Multiple computational tools have been widely applied to the detection of coding driver mutations in cancer; however, the prioritization of pathogenic non-coding variants remains a difficult and demanding task. The present study was performed to distinguish non-coding disease-causing mutations from neutral ones, and to prioritize potential cancer-associated long non-coding RNAs (lncRNAs) with a logistic regression model in lung cancer. A logistic regression model was constructed, combining 19,153 disease-associated ClinVar and Human Gene Mutation Database pathogenic variants as the response variable and non-coding features as the predictor variable. Validation of the model was conducted with genome-wide association study (GWAS) disease- or trait-associated single nucleotide polymorphisms (SNPs) and recurrent somatic mutations. High scoring regions were characterized with respect to their distribution in various features and gene classes; potential cancer-associated lncRNA candidates were prioritized, combining the fraction of high-scoring regions and average score predicted by the logistic regression model. H3K79me2 was the most negative factor that contributed to the model, while conserved regions were most positively informative to the model.

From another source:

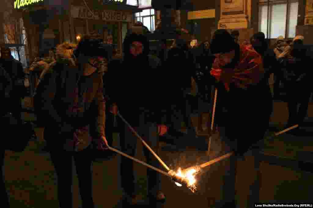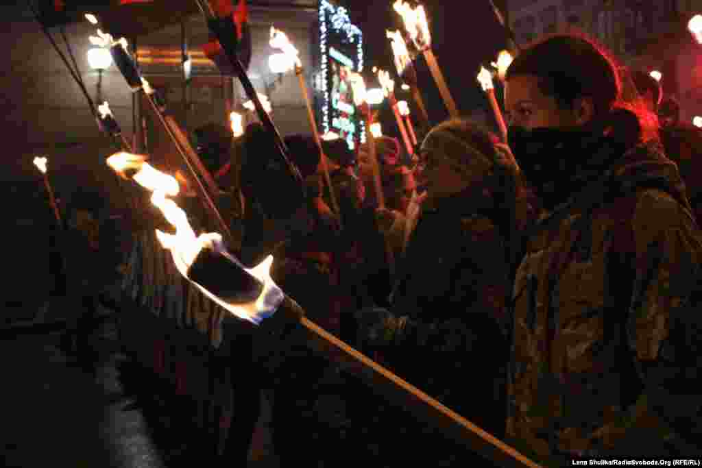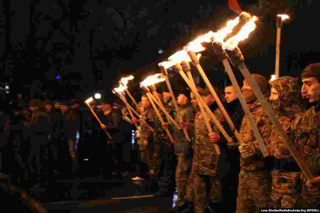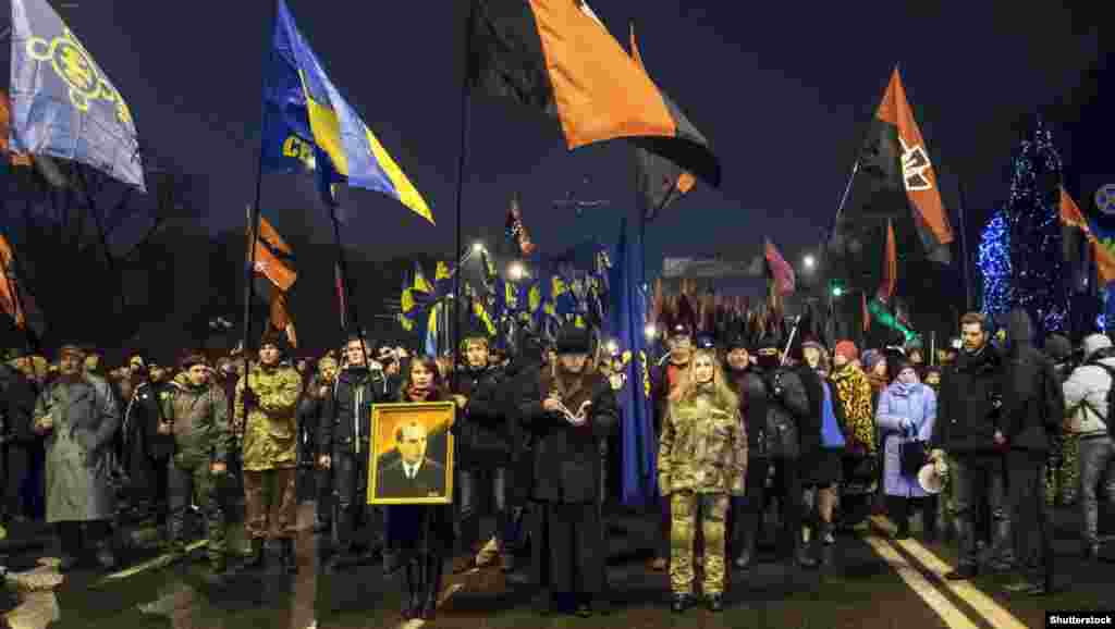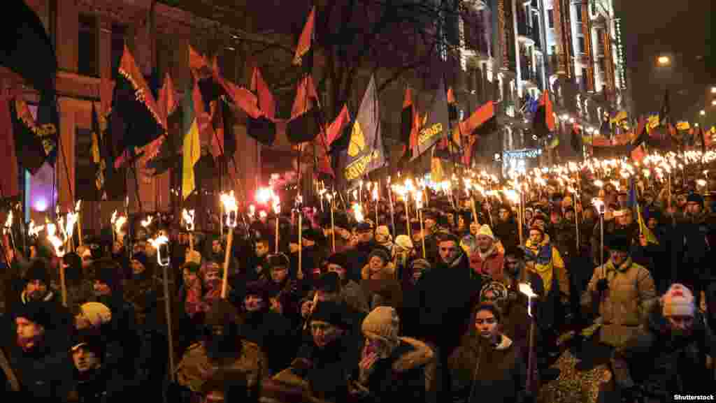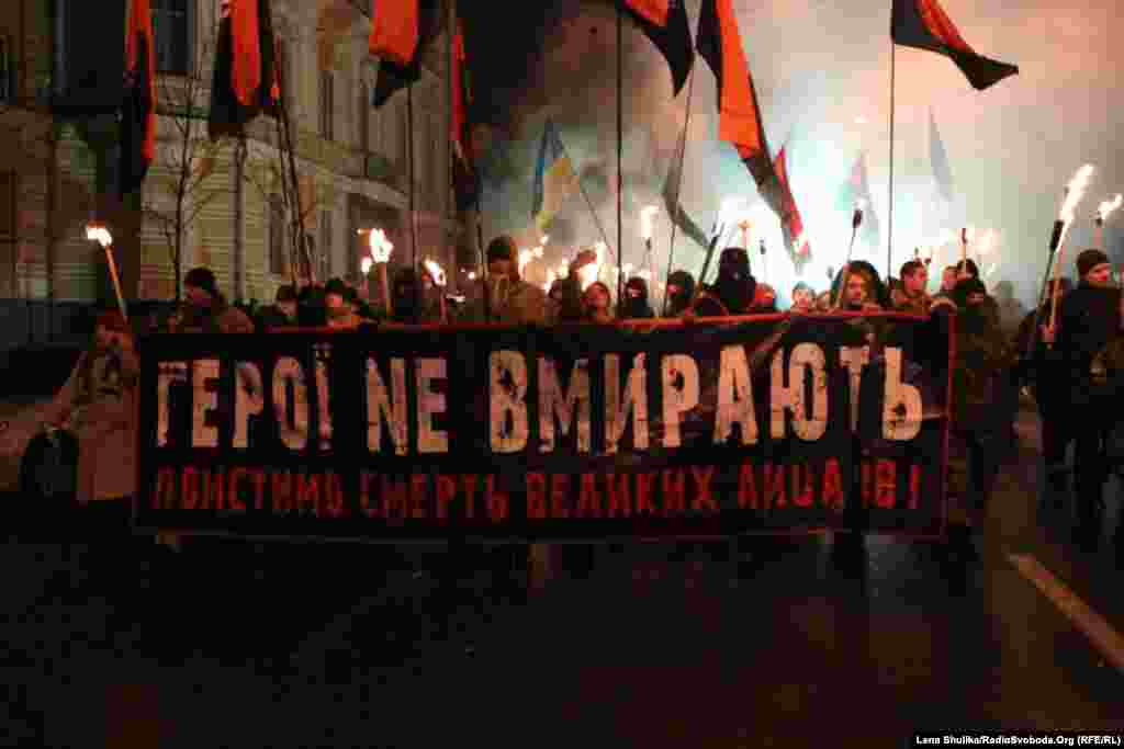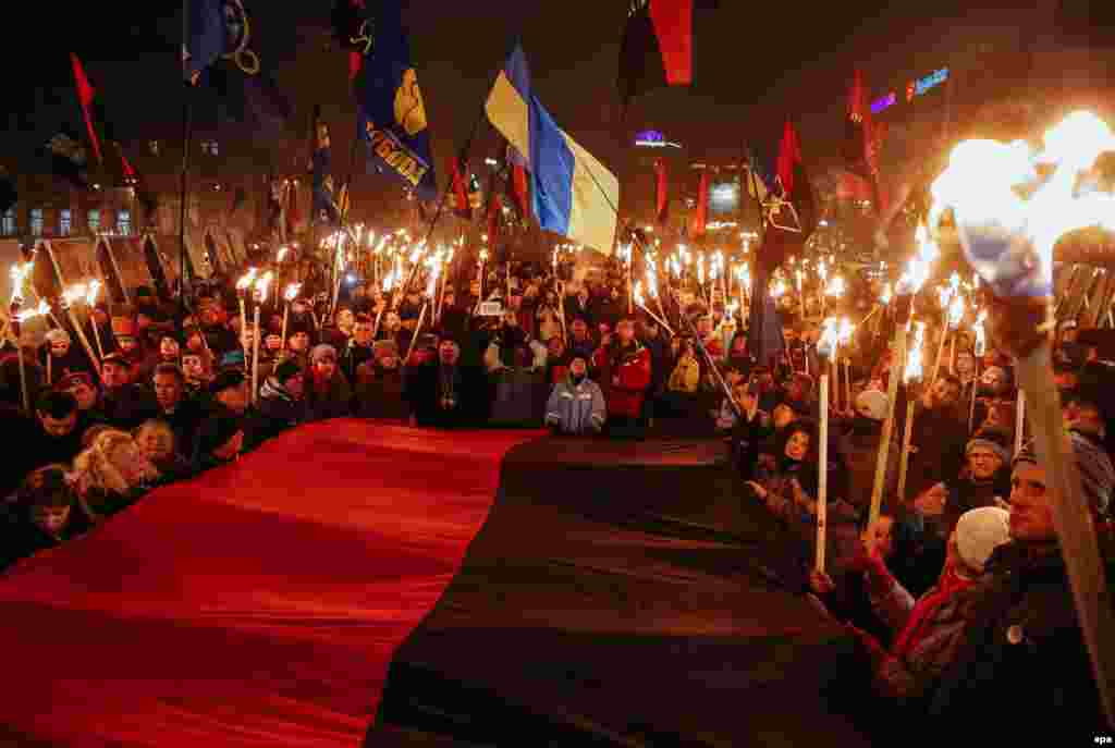 Ukraine -- Torchlight procession in honor of Bandera, 1Jan2015

The area under the receiver operating characteristic curve of the model was 0.89. The model assigned a significantly higher score to GWAS SNPs and recurrent somatic mutations compared with neutral SNPs (mean, 5.9012 vs. 5.5238; P<0.001, Mann-Whitney U test) and non-recurrent mutations (mean, 5.4677 vs. 5.2277, P<0.001, Mann-Whitney U test), respectively. It was observed that regions, including splicing sites and untranslated regions, and gene classes, including cancer genes and cancer-associated lncRNAs, had an increased enrichment of high-scoring regions. In total, 2,679 cancer-associated lncRNAs were determined and characterized. A total of 104 of these lncRNAs were differentially expressed between lung cancer and normal specimens. The logistic regression model is a useful and efficient scoring system to prioritize non-coding pathogenic variants and lncRNAs, and may provide the basis for detecting non-coding driver lncRNAs in lung cancer.
Fitting and validation of the logistic regression model
(A) Densities of ClinVar and Human Gene Mutation Database pathogenic variants for all 25 non-coding features (red line, average density in the human genome). (B) Regression estimates for all features used in the logistic regression model. (C) Receiver operating characteristic curve for the model. (D) Scaled scores for GWAS, neutral SNPs (1 million random neutral SNPs), non-recurrent and recurrent mutations of lung cancer. CR, conserved region; TFBS, transcription factor binding site; cTFBS, conserved TFBS; UTR, untranslated region; HE, highly expressed region; SNP, single nucleotide polymorphism; Sensitive, known binding sites or motifs of transcription factors with high ratio of rare SNPs (allele frequency <0.01); ncExon, non coding Exon; H3K4me1, H3K9ac, etc., histone modification data; ER, early replicated region; Dnase, Dnase I hypersensitive site; LE, low expressed region; ECS, evolutionarily conserved structure; LR, late replicated region; TPR, true positive rate; FPR, false positive rate; GWAS, genome-wide association study.